**EXERCISE DIRECTIONS:**
Any picture in the data below gets skipped; print all the rest exactly.

**RECORDED INFORMATION:**
------

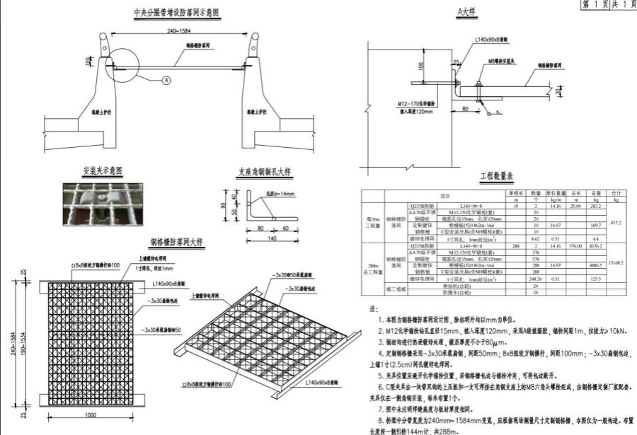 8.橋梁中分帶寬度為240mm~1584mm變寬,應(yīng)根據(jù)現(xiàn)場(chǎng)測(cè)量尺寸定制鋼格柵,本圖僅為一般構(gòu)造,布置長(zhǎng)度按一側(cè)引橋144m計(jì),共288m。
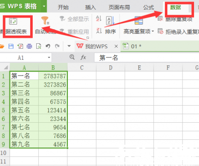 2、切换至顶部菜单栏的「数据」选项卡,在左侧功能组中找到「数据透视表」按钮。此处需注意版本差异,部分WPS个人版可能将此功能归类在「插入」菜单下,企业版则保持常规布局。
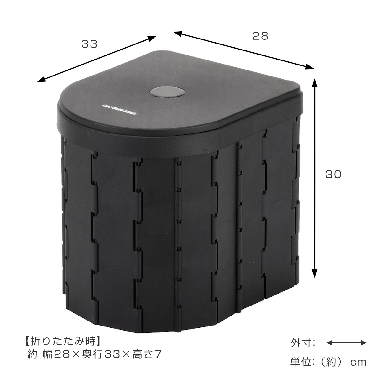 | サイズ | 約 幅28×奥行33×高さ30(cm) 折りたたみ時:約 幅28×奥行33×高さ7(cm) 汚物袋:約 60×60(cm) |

------

**EXPECTED OUTPUT:**
 8.橋梁中分帶寬度為240mm~1584mm變寬,應(yīng)根據(jù)現(xiàn)場(chǎng)測(cè)量尺寸定制鋼格柵,本圖僅為一般構(gòu)造,布置長(zhǎng)度按一側(cè)引橋144m計(jì),共288m。
 2、切换至顶部菜单栏的「数据」选项卡,在左侧功能组中找到「数据透视表」按钮。此处需注意版本差异,部分WPS个人版可能将此功能归类在「插入」菜单下,企业版则保持常规布局。
 | サイズ | 約 幅28×奥行33×高さ30(cm) 折りたたみ時:約 幅28×奥行33×高さ7(cm) 汚物袋:約 60×60(cm) |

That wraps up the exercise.